Malaysia’s ringgit climbed for a third day, the longest winning streak since February, after the Federal Reserve said monetary stimulus is still needed to sustain a recovery in the world’s largest economy. Bonds gained.
The MSCI Asia-Pacific Index (MXAP) of stocks rose the most in more than three months after Fed Chairman Ben S. Bernanke said yesterday that while he is encouraged by a decline in the U.S. unemployment rate, continued accommodative measures will be needed to make progress.
The ringgit advanced 0.6 percent to 3.0570 per dollar as of 4:09 p.m. in Kuala Lumpur, according to data compiled by Bloomberg. It has strengthened 3.8 percent this quarter, the second-best performance among Asia’s 11 most-used currencies.
“Bernanke’s statement encourages investors to search for higher-yielding assets,” said Yeah Kim Leng, chief economist at RAM Holdings Bhd. in Kuala Lumpur. “We expect the ringgit to strengthen to 2.900 to the dollar by the end of 2012, although the path may be choppy.”
The ringgit’s one-month implied volatility, a measure of exchange-rate swings used to price options, slumped 22 basis points to 7.38 percent.
Malaysia’s gross domestic product will rise at a slower pace this year as financial and economic restructuring in developed nations curb global growth, the central bank said last week.

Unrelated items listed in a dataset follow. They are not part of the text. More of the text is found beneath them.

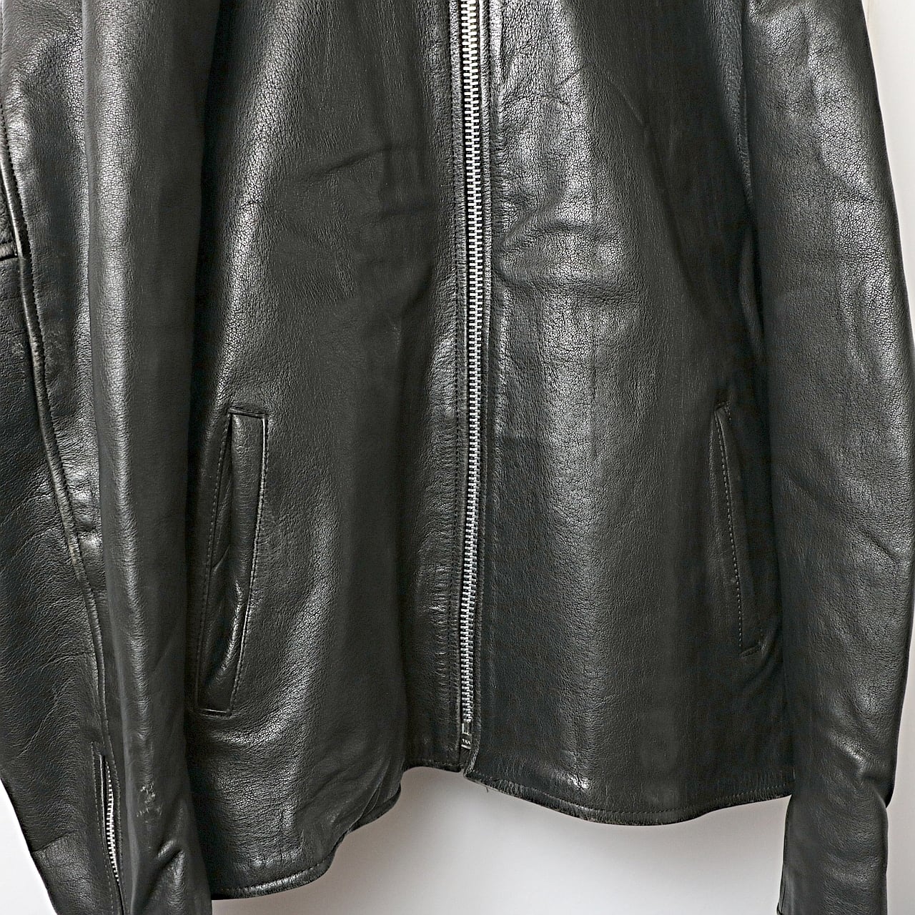 きめ細かなシボ感ある牛革を使用したシングルライダース。
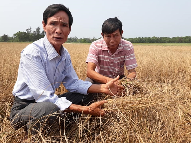 | Nhiều cánh đồng lúa cũng bị chết khô vì thiếu nước tưới tiêu. |
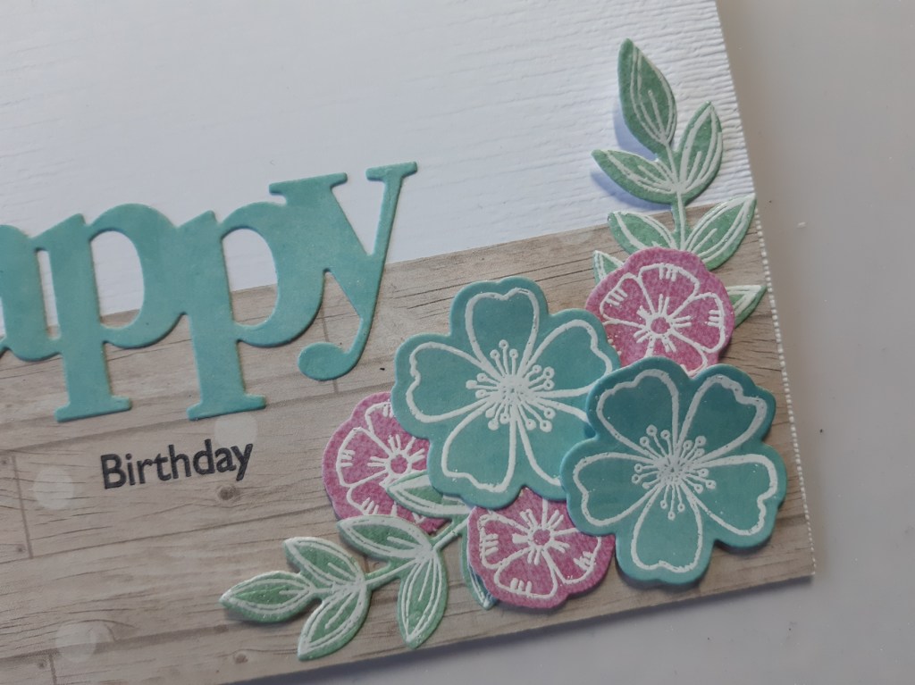 Next was to stamp, heat emboss in white and die cut several flowers and leaves. I used offcuts of paper in the turquoise, pink and green for this – I’m always happy when I get to use up scraps! I then arranged them in the bottom corner of the card and attached them with foam pads or glue.
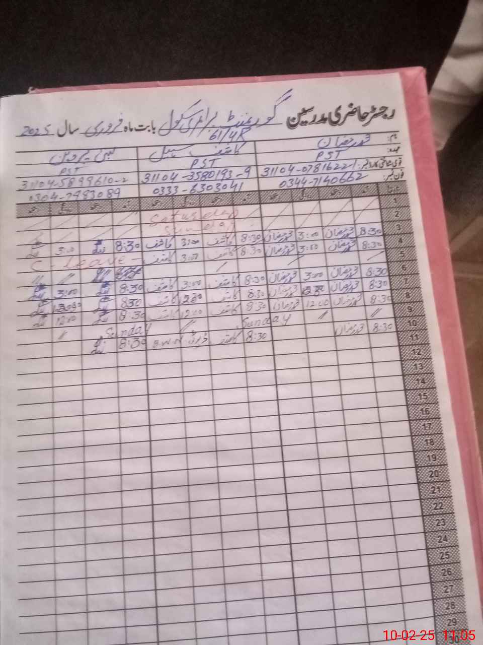 | Name: MU**** RA**** Designation: (School Headmaster's/Headmistress's) PST Phone/Cell Number: 03**** |
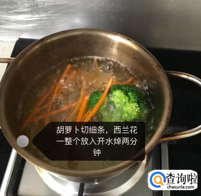 接着将胡萝卜切成细条和西兰花一起放入锅中焯两分钟,如图所示。
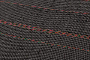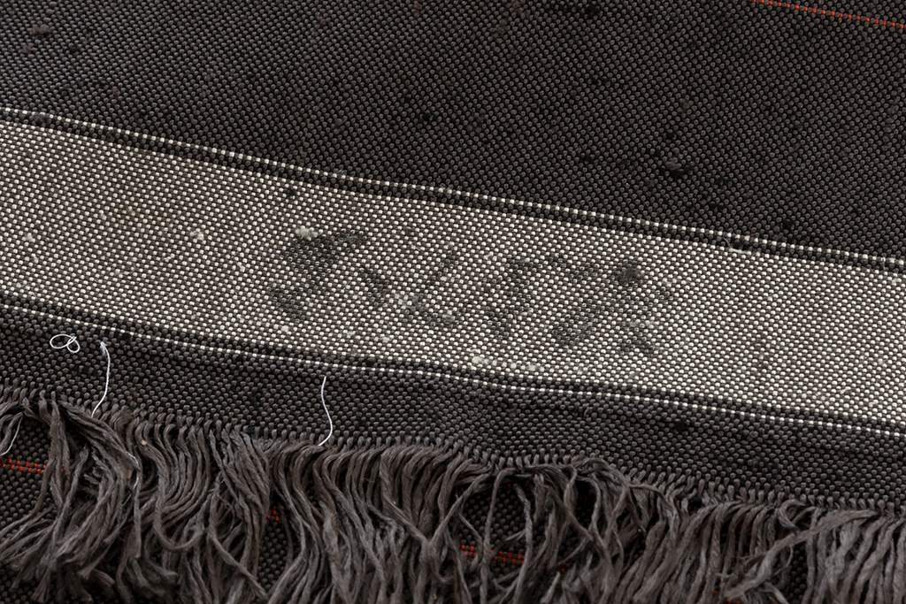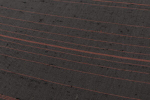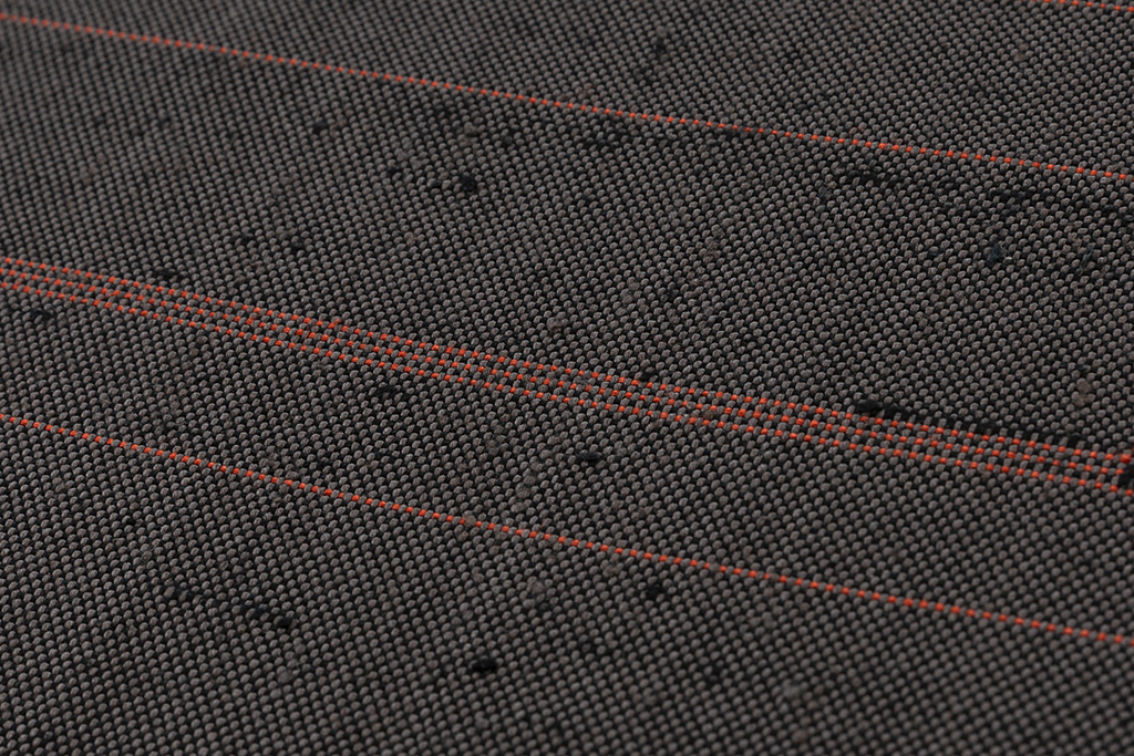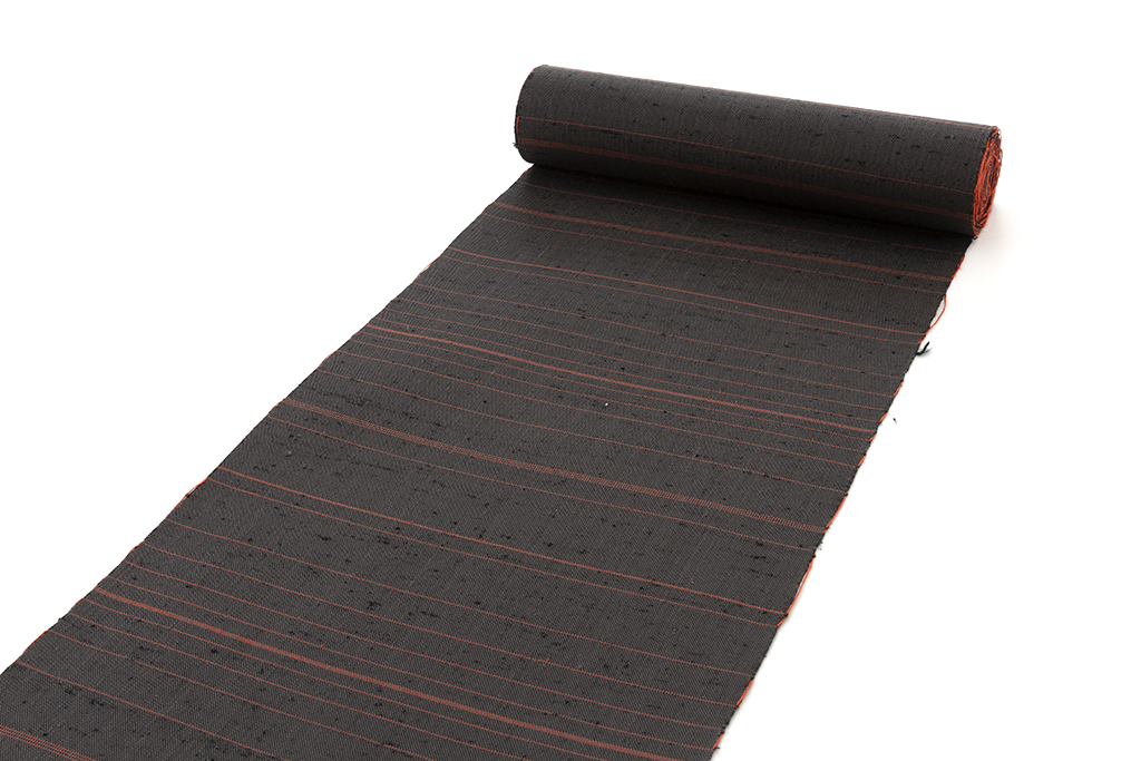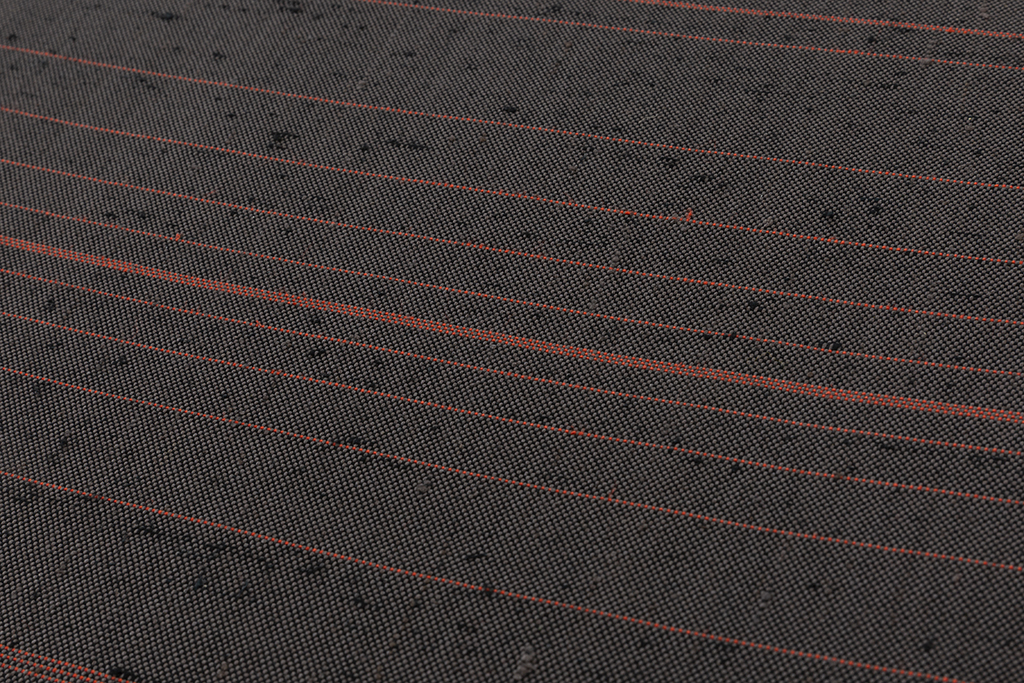 渋みのある黒鼠に明るい朱色の横縞を織り出した、不規則なリズムが工芸色豊かな表情に奥行きをもたせる、どっしりとした風合いながらもしなやかな手触りと玉繭から引いた節のある糸ならではの布味が味わい深いざざんざ織 着尺です。

The economy will expand 4 percent to 5 percent in 2012, it said. That is less than the Finance Ministry’s 5 percent-to-6 percent forecast in October, and a 5.1 percent pace in 2011.
Five-year government bonds advanced. The yield on the 4.262 percent notes due September 2016 fell one basis point, or 0.01 percentage point, to 3.30 percent, according to Bursa Malaysia.